Task brief:
Print exactly the lines that run from the first line of the material to the line containing "Colección de cromos", both ends included, and skip the pictures.

Material provided:
··········

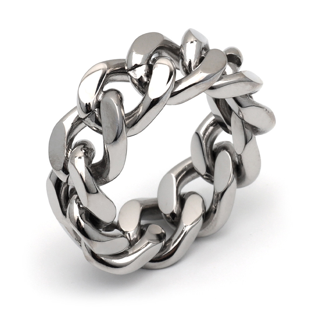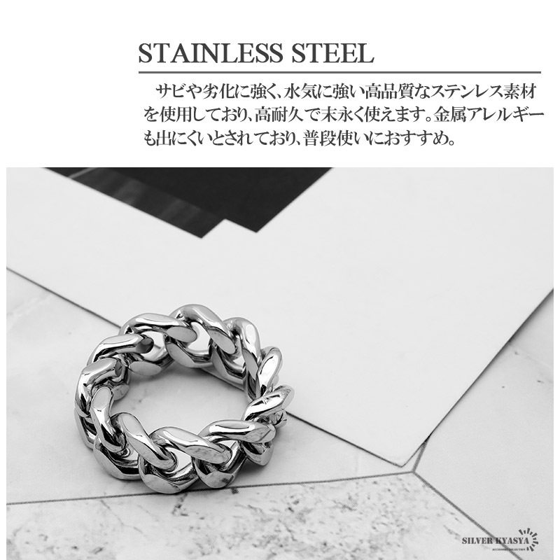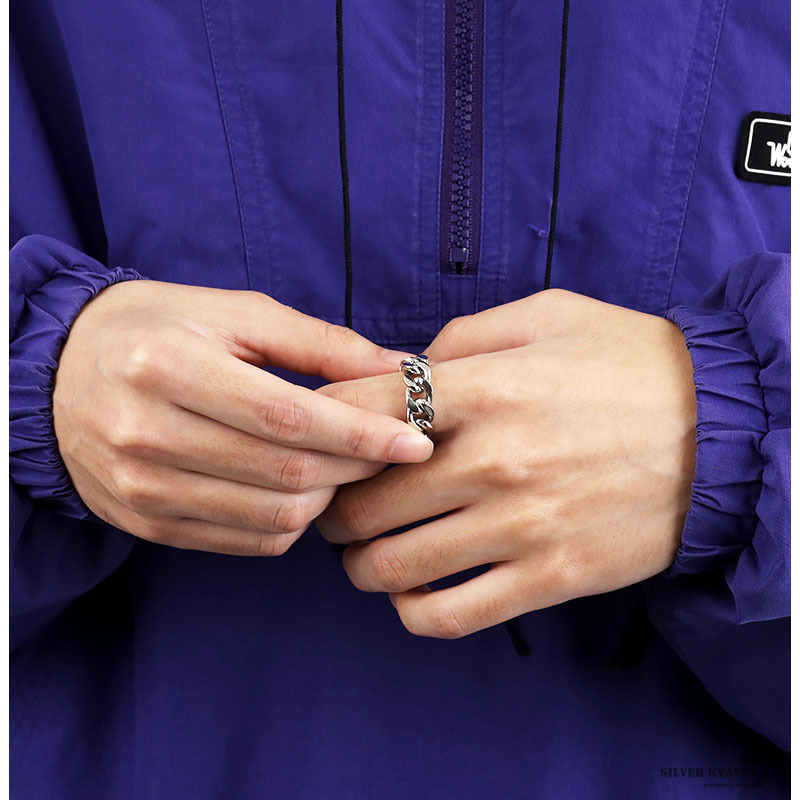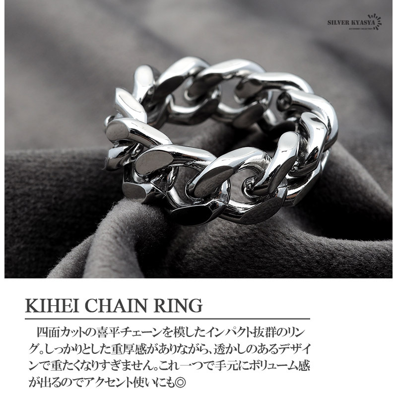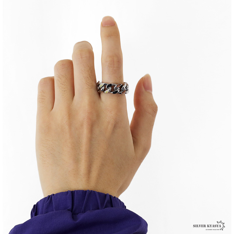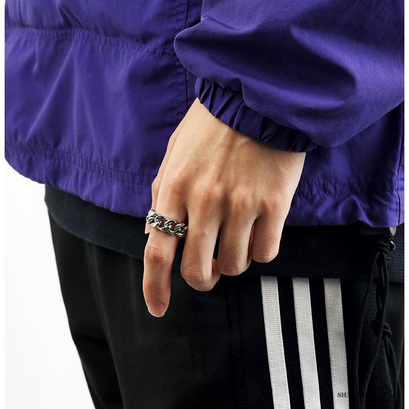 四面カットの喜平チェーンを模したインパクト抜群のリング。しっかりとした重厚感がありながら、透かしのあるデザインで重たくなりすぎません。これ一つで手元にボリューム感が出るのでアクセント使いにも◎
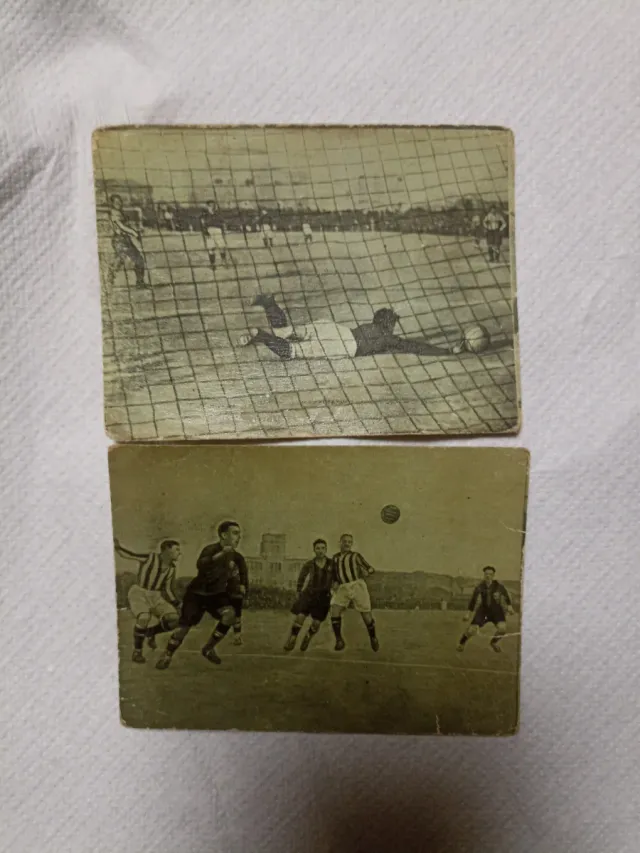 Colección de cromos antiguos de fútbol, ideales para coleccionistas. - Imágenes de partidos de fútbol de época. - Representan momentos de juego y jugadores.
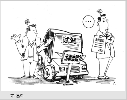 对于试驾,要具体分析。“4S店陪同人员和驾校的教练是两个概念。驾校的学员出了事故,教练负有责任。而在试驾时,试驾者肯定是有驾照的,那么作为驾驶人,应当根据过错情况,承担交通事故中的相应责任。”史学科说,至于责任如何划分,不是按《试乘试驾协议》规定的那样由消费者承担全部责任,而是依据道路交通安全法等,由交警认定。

··········

Solution to this exercise:
 四面カットの喜平チェーンを模したインパクト抜群のリング。しっかりとした重厚感がありながら、透かしのあるデザインで重たくなりすぎません。これ一つで手元にボリューム感が出るのでアクセント使いにも◎
 Colección de cromos antiguos de fútbol, ideales para coleccionistas. - Imágenes de partidos de fútbol de época. - Representan momentos de juego y jugadores.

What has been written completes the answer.